Пендельсон осекся, он уже не был бледным, скорее наоборот, стремительно краснел, словно напичканный нитратами томат. Юханссон испытывал к аналитику смешанное чувство восхищения и брезгливости. Надо же, Хелен и не подумала поставить в известность собственное начальство, напрямую докладывает контрразведке. Везде у них осведомители, что, впрочем, следовало ожидать… Грегори помалкивал, вертя в пальцах кофейную ложечку.
— Прошу прощения, — Альварес шевельнул плечом. — Помимо Умберто, есть еще один осведомленный — Ковальский!
— Если он сумел собрать полевой комплект… — закончил Пендельсон.
— Спасибо, мистер Бентли, — сказал Грегори. — А теперь я попрошу доктора Пендельсона внести ясность в эту историю с Интернетом.
Большой П. не стал упорствовать, чуть ли не по буквам передал свой телефонный разговор с Ковальским.
— Я не видел причин отказывать, — хмуро закончил он. — На тот момент меня никто не оповестил, что мой бывший аспирант — государственный преступник… Наш разговор, как выяснилось, прослушивался, — косой взгляд в сторону Бентли, который и ухом не повел. — Вы можете убедиться, мне добавить нечего.
— Одну секунду, профессор, — вежливо перебил Альварес. — Я пытаюсь сопоставить время. Если скинуть со счетов внезапное помешательство, Ковальский упоминал некое событие или физическое явление, свидетелем которого он стал уже в Берлине. Так?
— Да, пожалуй…
— Он упрекал вас в сокрытии информации и был убежден, что приказ о свертывании опыта связан именно с явлением? Иными словами, он подразумевал, что вы лично или оператор базы также в курсе случившегося?

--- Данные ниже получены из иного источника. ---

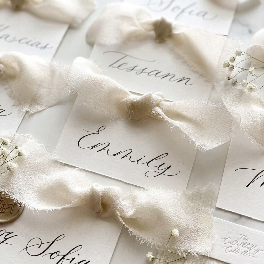 Překrásné jmenovky na stůl v klasickém tvaru kartičky. Přední část je zdobena stuhou, jejíž barvu je možné přizpůsobit barevnosti vaší svatby.

Пендельсон потер виски. Большой Ю. от волнения чуть не вывалился из кресла. Бентли моментально подхватил идею Альвареса.
— Это означает, у Гарсии уже в тот момент было, что скрывать. Доктор, что он мог увидеть на мониторе такого, что заставило бы его позабыть о карьере, бросить дом и удариться в бега? Извините, но никто из присутствующих не поверит в привидения или в злобных пришельцев, питающихся людьми. Побег Умберто был спланирован заранее.
— Я не улавливаю, — сказал Альварес задумчиво. — Если оба ваших сотрудника заранее планировали побег, допустим с целью продать аппаратуру русским, для чего было создавать столько сложностей? Убийства, в конце концов… Хорошо, вам для опытов нужна была эта девчонка, а русским-то она зачем?
Грегори отставил чашку, побарабанил пальцами по столу.
— Это нелепость, сэр! — взорвался Большой Ю. — Даже в руках такого спеца, как Ковальский… Видите ли, датчики невозможно вскрыть без необратимых повреждений, к тому же они неспособны к долгой автономной деятельности без… скажем так, без подпитки, — он жалобно взглянул на генерала. — Датчики наверняка давно погибли…
— Не погибли, — Большой П. пребывал в глубокой задумчивости. — Пару дней еще есть.
— Что значит «погибли»? — откликнулся спецагент. — Они у вас живые, что ли?
Большой Ю. пристально смотрел на Грегори. Тот какое-то время делал вид, что не замечает взгляда, потом крякнул и махнул рукой:
— О'кей, мистер Альварес имеет право знать. Доктор Пендельсон, объясните, как функционирует техника третьего отдела.
— Мистер Альварес не имеет соответствующего допуска.
— Как и мистер Бентли, — язвительно вставил Большой Ю.
— Положение чрезвычайное, — отрезал Грегори. — Мы оформим допуск сегодня же. Прошу вас, профессор!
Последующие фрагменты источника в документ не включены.